Which brings us to Sayers’s Gaudy Night. Harriet Vane returns to her alma mater, Shrewsbury College, Oxford — an alternate-universe version of Sayers’ own college, Somerville — for a Gaudy, during which she reconnects with some old friends and former teachers. But something goes wrong.
Someone is pursuing an unpleasant campaign of insult, mockery, and threat — the threats being implicit at first, but later increasingly explicit. The overall message is this: Shrewsbury College is comprised of a bunch of dessicated old maids who hate men and (perhaps more to the point) are usurping the social place of men. Only the women who are married or engaged are spared the vitriol of the campaign, which escalates into vandalism and, eventually, attempted murder.

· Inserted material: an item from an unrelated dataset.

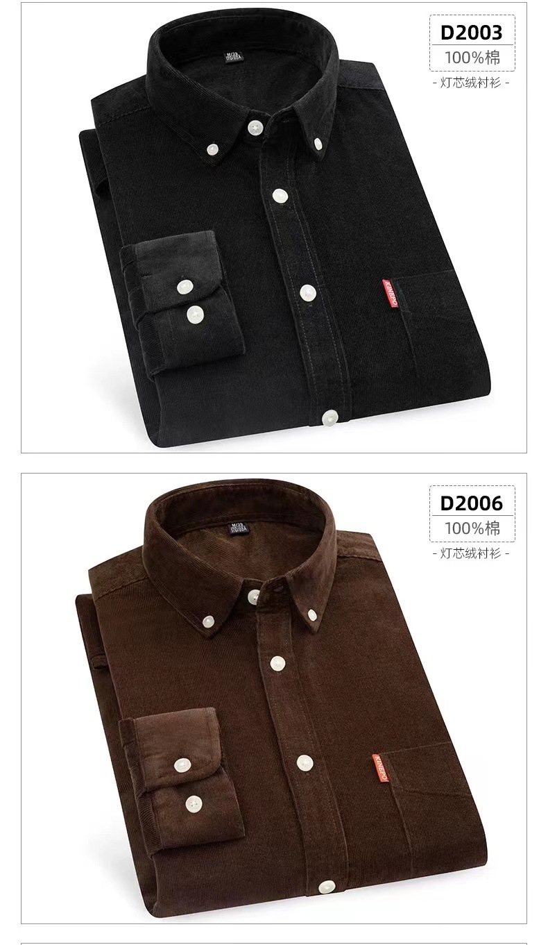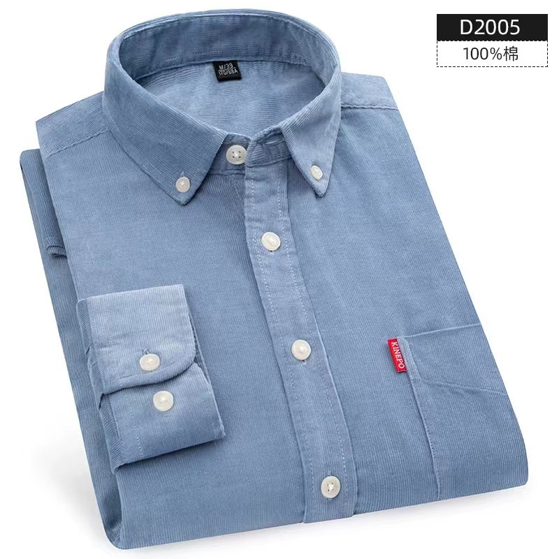 신상 순면 코듀로이 긴팔 셔츠 남성용 봄 가을 캐주얼 비즈니스 레트로 스트라이프 셔츠 남성복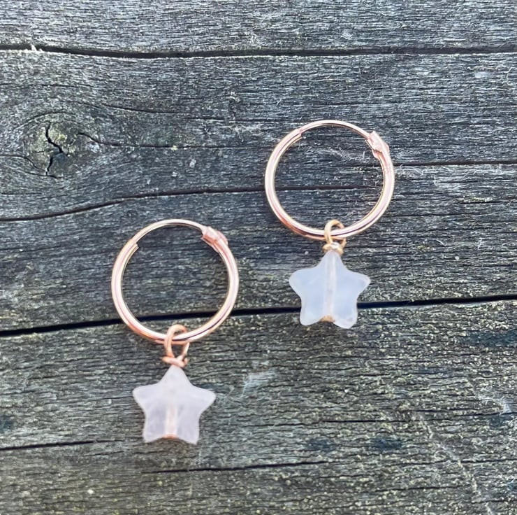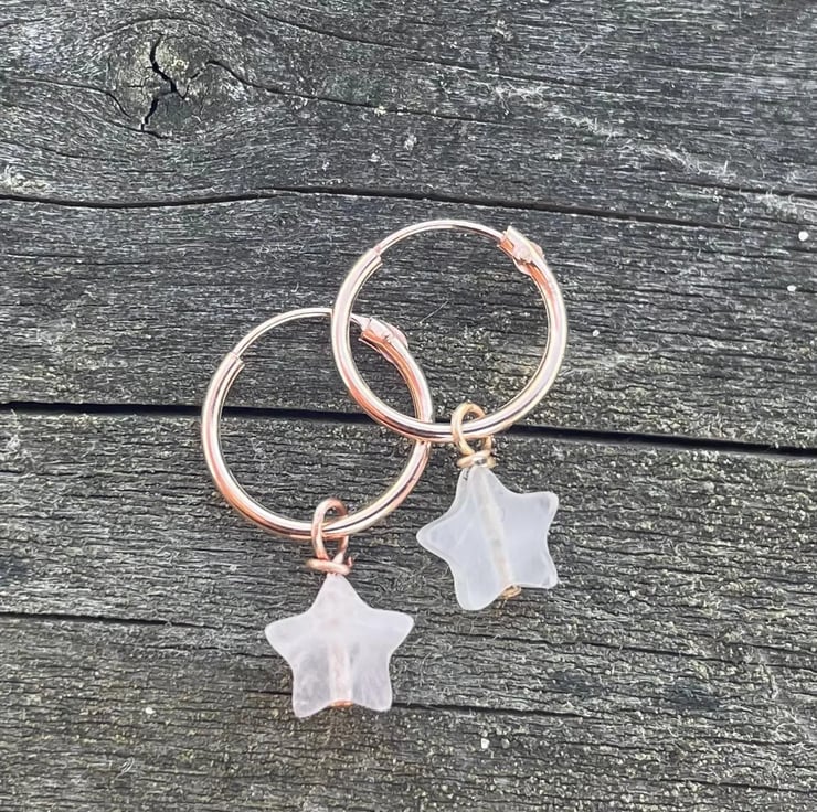 9ct 11mm rose gold hoop earrings, hallmarked 375. A thin style hoop, 1mm in thickness with 7mm rose quartz star charms, very gift box tied with ribbon. I can make a multiple order if needed so please ask.

It is only at the novel’s end, of course, that we discover who’s behind the campaign of hate, and even though I noted above that there would be spoilers here, I am reluctant to say more. (Just go read the book, for heaven’s sake! It’s quite fascinating.) In any case, the point I want to emphasize here is that the women of the College come to call the perpetrator the Poltergeist. They don’t mean it literally, they know that it’s all being done by a person, but it’s noteworthy that they fall back on the language of supernatural agency — as though this is one more in a series of Interrupters and Discouragers who personify misogynistic forces. (“Poltergeist” is also a less threatening word than “Demon,” but that’s fitting in that it takes a very long time for the depth of the Poltergeist’s malice to be revealed.) In each case the enmity feels not like something human but rather something precipitated from the ambient hostility to women’s equality.
And I think that’s true in an especially uncanny way in Gaudy Night because the person responsible seems to know some odd things. For instance, the Poltergeist tears some pages out of a novel — this novel — and once we know the identity of the culprit … well, a knowledge of those pages in that book seems highly unlikely in this person. It’s as though the Poltergeist is absorbing and then emitting information from that ambient hostility. It’s a kind of ideological respiration perhaps.
It strikes me that this is a pretty accurate way of describing how feelings, especially hatreds, circulate in society. It was to try to describe that phenomenon that I wrote this essay.